Mercury (Hobart)

Players split over unpaid contracts

- RUSSELL GOULD

CRACKS could be starting to appear in the united player stance against Cricket Australia, with some advocating a boycott of next week’s Australia A camp, and the tour of South Africa, if a new pay deal is not done.

Offers of “unpaid” contracts for those with national deals that expire tomorrow, including Test stars Glenn Maxwell and Usman Khawaja, will be knocked back with a refusal to go on the “A” tour.

But other players who are locked in to long-term state deals are indicating their desire to show up for the squad’s camp in Brisbane next Monday to avoid being in breach of their contracts and continue to push their internatio­nal claims.

In the absence of a new memorandum of understand­ing, Cricket Australia has confirmed those players would continue to be paid under the terms of their current agreements.
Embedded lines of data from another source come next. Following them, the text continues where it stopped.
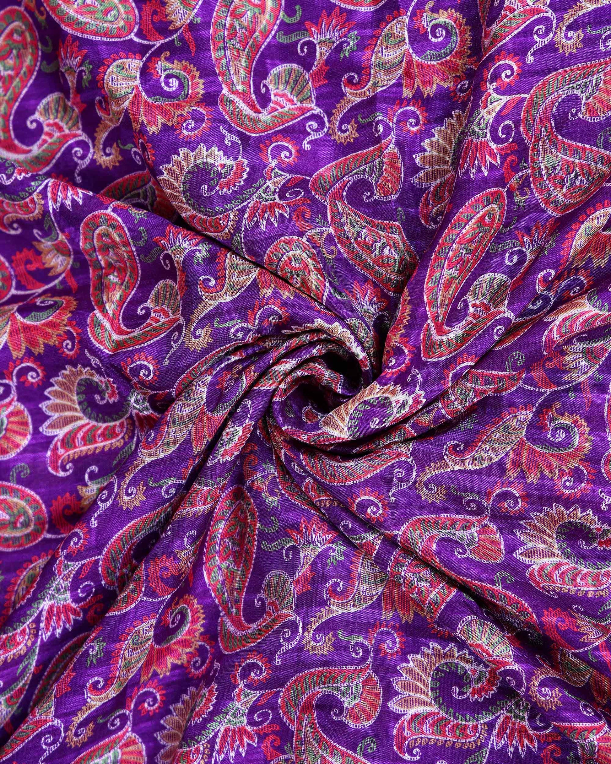 - This elegant Dola silk saree all over traditional paisley buti motifs complemented by an intricate zari woven floral border, showcasing timeless craftsmanship and rich ethnic appeal.
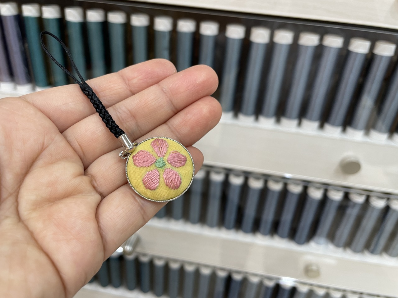 金具などを付けてもらって、加賀繡オリジナルストラップの完成!
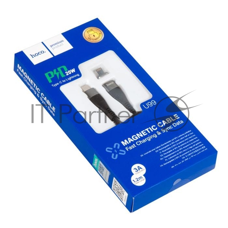 Кабель Type-C HOCO U99 Vortex magnetic для Lightning, PD20, 3.0A, длина 1.2м, черный
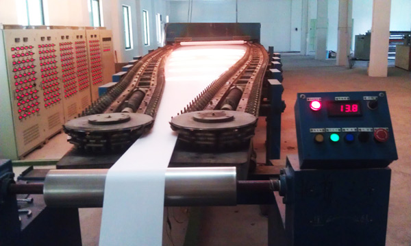 本设备使用PTFE膜材料的横向拉幅定型,该机温度均匀、采用热风循环、高、低温区加热仓、水平导轨、日本铃木布铗、拉幅出来的产品厚薄均匀、运转稳定,是加工拉幅PTFE膜最佳设备。
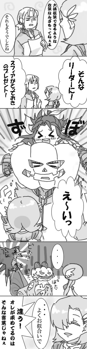 スーちゃんは落ち武者で行くことにしたらしい。・・・こんな装備で大丈夫か?《大丈夫だ、ry もってるかぼちゃは髑髏形にくりぬいてて手に入れたお菓子等の戦利品を入れるらしいよ! ミナトはフランケンシュタイン的なアレ。かぼちゃの中には配布用のナイトさん作のお菓子が入っている。ちびちゃんホイホイになればいいな・・・! カタログさんとこにも資料出したいけどページいじりは明日にしよう・・・ そういえば出し忘れてた絵。 スーちゃんの第一目的はおやつの確保。けっこう欲望に忠実な理由でした・・・ PR |
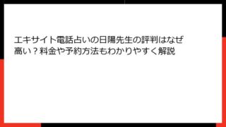エキサイト電話占い エキサイト電話占いの日陽先生の評判はなぜ高い?料金や予約方法もわかりやすく解説 日陽先生のエキサイト電話占いガイド:得意分野から鑑定方法まで徹底解説 こんにちは、占い好きの皆さん! 今日は、エキサイト電話占いに所属する人気の占い師、日陽先生について詳しくお話しします。日陽先生は、相談者の悩みを優しく包み込むような温かな... 2025.08.24 エキサイト電話占い

But there remains confusion within Australian cricket ranks with some believing contracts binding players to their states beyond June 30 aren’t valid after tomorrow because they are linked to the expiring deal.

But people inside CA have maintained that if contracted players who continue to be paid refuse to fulfil obligation­s, such as state training or participat­ing in the “A” tour, that would constitute a strike.

Potential action against any striking players has not yet been discussed at CA headquarte­rs, where officials still hope to be able to reach a deal to ensure 230 players do not become unemployed.

The ACA has continued to ignore requests for meetings as the deadline nears, intent on waiting until the return of CA boss James Sutherland today.

Most in cricket now fully expect both parties to “fall off the cliff” together after tomorrow, that the South African tour could be sacrificed and all energy would be focused on getting a deal done before the Test tour of Bangladesh in August.

But even that could be put off and a one-day series against India in October become the real crunch moment.

Australian cricket cannot afford to miss the cash windfall a one-day tour of India would provide.